There’s no doubt that from a developer’s standpoint, the breadth of big data can seem both exciting and overwhelming. And there’s a dizzying number of big data analytics tools to help us interpret and connect for sensible linked data. In fact, with no right tool, it may seem better to just create your own. We do not recommend that. Instead of starting from scratch, today we offer you some tips on how to take advantage of existing Linked Data networks to make sense of this world of data and the people living in it.
Founder of Apiwise and 15-year veteran of the API space, Dimitri van Hees said that, beyond these buzzwords, big data is really all about three things: Quality, Quantity and Price. He went onto mention that Privacy is an obvious fourth, but that was outside the realm of his APIcon talk.
How do you judge the Quality of Data?
- Is it machine-readable?
- Is it accessible via web services?
- Is it up-to-date?
- Is it verifiable?
How do you judge the Quantity of Data?
- Can we store the data?
- Can we process it?
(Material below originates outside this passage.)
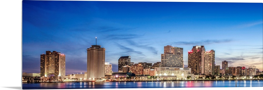 <p>Panoramic photograph of the New Orleans skyline lit up at sunset.</p>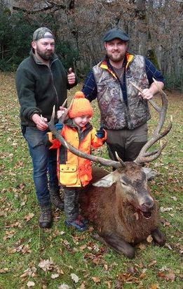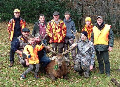 Aussi rien d’étonnant à ce que les beaux tableaux, les beaux animaux aillent à ceux qui sont régulièrement présents sur le terrain. Le reste, c’est du talent, savoir se positionner, savoir attendre, bien viser, bien tirer. Ce magnifique 14 cors a été prélevé en battue à Laguiole par Frédéric. Ce dernier conserve l’image d’un cerf présentant une magnifique allure et arrivant sur la ligne à pas de velours. On apprécie vraiment la photo de groupe avec les amis de la société de chasse et le bout de chou fier comme pas deux de poser à côté du cerf. Les honneurs sont rendus à l’animal. On note aussi l’effort de bien soulever la tête du cerf pour mettre en valeur le trophée. Trophée qui attend d’ailleurs sa cotation. Ce jour-là à Laguiole en plus de ce grand cerf il sera prélevé un petit cerf 6 cors, un daguet, un faon et une bichette qui sera retrouvée après une recherche au sang.

Is it processible and do we have the power to compute it all?
- Is it a representative cross-section of data to mean anything?
How do you judge the Price of Data?
- What does it cost?
- Do we need an API key? (Then not called Open Data)
- Are we allowed to use it at all?
- Can we use it for commercial use? (Even more important after the Supreme Court didn’t take up Google v. Oracle.)
Van Hees finds that folks are often overwhelmed by the idea of big data — “I can’t do that. I don’t have access to that. I’m not Google.” His work at Freshheads involved working with clients to actualize any online ambitions, including taking advantage of big data. And he’s found that just about everything is possible, and new big data sets are being released every day.
Big Data: There’s an App for That
He offers the following tools that allow you to access large big data sets like Wikipedia for free or almost free, which you can then combine with your own data. Both alone and combined with your own accrued data, these tools allow you to reach the optimal level of Linked Data to finally make sense of it all:
DBPedia: the crowd-sourced, Linked Data version of Wikipedia, in an effort to extract structured information from the world’s encyclopedia:
- Not very up-to-date, around twice a year synchronized with Wikipedia
- But a free RDF download
- SPARQL endpoint for route access to the database [dbpedia-owl:wikiPageID]
- DBPedia lookup API
- “In my opinion, Wikipedia is not very stable, but it’s data out there,” van Hees said.
Dandelion API: Semantic text analytics as a service:
- Semantic APIs like this help you make Like Queries for similar semantic context
- 1,000 free requests per day
- Provides links through DBPedia.
Gruff: a free, downloadable grapher-based triple-store RDF browser:
- another semantic API
- free and you can connect SPARQL endpoints without having to know anything about the SPARQL query language
- visualizes the relationship between data, including how they are connected and similarities based on Wikipedia information.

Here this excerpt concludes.